Foster takes the role of Staff Sergeant Will Montgomery, an injured Iraq veteran whose struggles with post-traumatic stress are exacerbated when he is transferred to the unit for the final three months of his military enrolment. He comes under the tutelage of Captain Tony Stone (Harrelson), an emotionally crippled time-bomb, whose method of dealing with the harrowing demands of the day job is to stick rigidly to protocol.
Powerful scenes ensue as this mismatched pair travel through small-town America, knocking on doors to divulge the news that loved ones dread.
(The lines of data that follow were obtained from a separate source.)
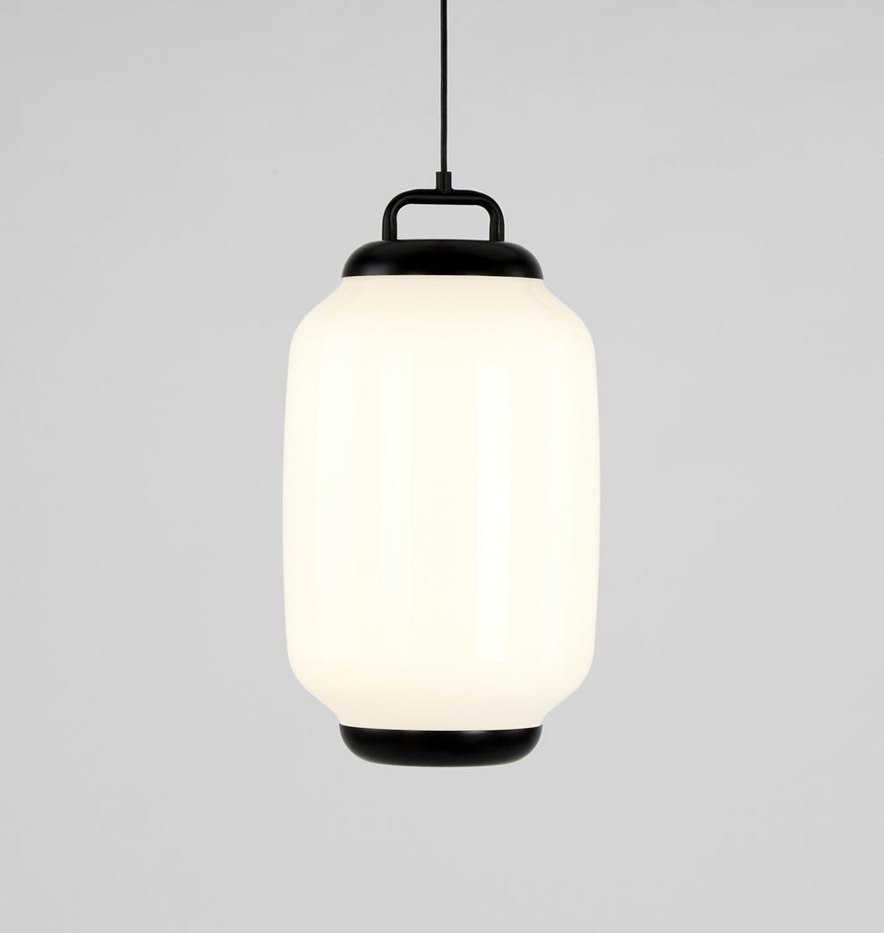 Black Esper 03 pendant with white glass. Ships with 8-foot cord. Length can be adjusted on site.
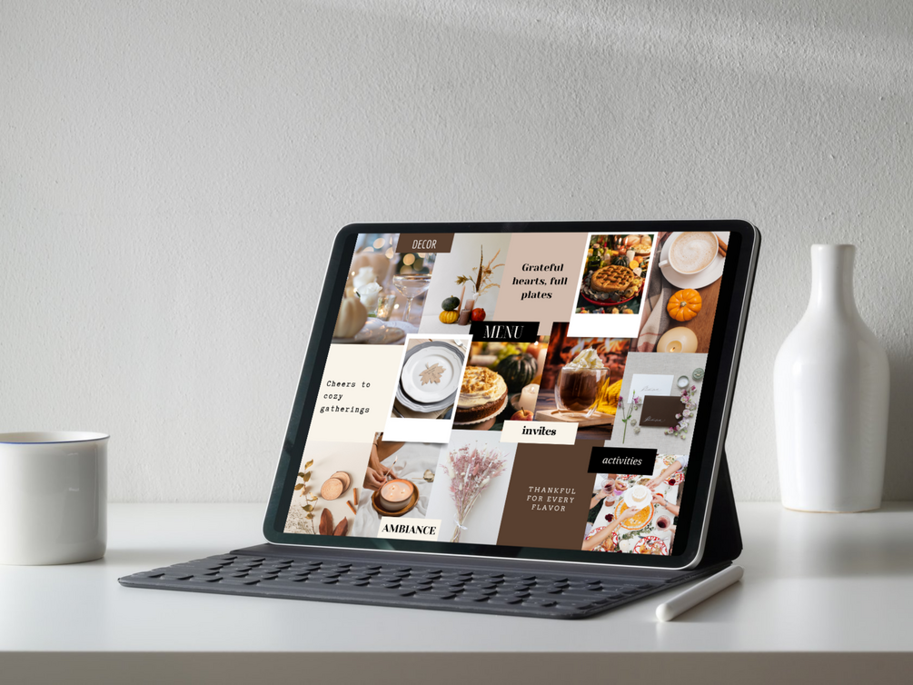 Whether you're planning decor, menu, or party vibes, this template helps you visualize it all in one place. Capture your inspiration and create a stunning Thanksgiving vision board with ease!
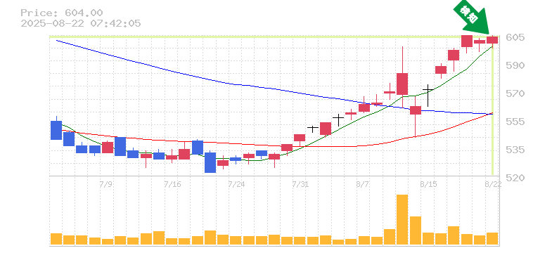 終 値:604円

These scenes brilliantly portray an aspect of war rarely depicted. Many of these interactions were improvised, with neither Foster nor Harrelson being informed how their fellow actors would react. This approach brings both an intimate documentary feel and a breathtaking starkness to proceedings.
Harrelson got a deserved Oscar nomination, while Foster is also masterful. The Messenger loses its way a little in the second half but remains a riveting piece.
Showing from Friday
MUSIC video director Bille Woodruff made his feature debut in 2003 with Honey, a cheesy story of dancing through adversity with Jessica Alba in the title role. It did OK at the box office and now he is revisiting Honey's territory, without Honey.
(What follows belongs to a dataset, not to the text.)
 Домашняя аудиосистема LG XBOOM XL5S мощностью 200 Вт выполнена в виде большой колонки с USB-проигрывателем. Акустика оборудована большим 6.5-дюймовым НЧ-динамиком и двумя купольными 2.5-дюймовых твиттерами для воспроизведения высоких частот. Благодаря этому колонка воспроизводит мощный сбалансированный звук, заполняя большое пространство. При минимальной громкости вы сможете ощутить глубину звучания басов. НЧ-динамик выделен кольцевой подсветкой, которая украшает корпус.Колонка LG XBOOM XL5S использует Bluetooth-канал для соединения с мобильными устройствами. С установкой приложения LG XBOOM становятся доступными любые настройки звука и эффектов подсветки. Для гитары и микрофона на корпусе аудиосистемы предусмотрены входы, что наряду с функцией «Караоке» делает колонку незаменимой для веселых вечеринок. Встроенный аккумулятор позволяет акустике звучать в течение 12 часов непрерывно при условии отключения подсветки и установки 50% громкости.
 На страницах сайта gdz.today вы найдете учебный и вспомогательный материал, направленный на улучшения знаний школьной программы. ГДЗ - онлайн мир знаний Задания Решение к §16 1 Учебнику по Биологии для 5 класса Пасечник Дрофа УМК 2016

The only main returning cast member is Lonette McKee as Honey's mother, foster mother to reformed little-bit-bad girl Maria (Katerina Graham). Maria is trying to stay on the straight and narrow, which means avoiding her old dance crew, but dance is her life, so she hooks up with another crew and they practise lots for a TV competition. Guess who they're against.
Clearly I am not the demographic that Honey 2 is going for, but, even so, it's just not good. The whole dance-off thing is borderline comic, the cameos, Audrina Patridge and Mario Lopez, underwhelming and in short it's too long and predictable.
X-Men: First Class
X-Men: First Class came with a lot on its plate. It had to offer plausible raisons d'etre for characters and plots while boosting the X-Men franchise's fortunes. The story is wedged between Nazi concentration camps and the Cuban Missile Crisis of 1962.
In 1942, young Erik is in a concentration camp while young Charles Xavier discovers a blue girl in his kitchen. By 1962 they are grown up, Erik (Michael Fassbender) into an angry young man seeking revenge on his Nazi tormentor now called Sebastian Shaw (Kevin Bacon), Charles Xavier (James McAvoy) into a professor and the blue girl into a blue woman, Raven (Jennifer Lawrence).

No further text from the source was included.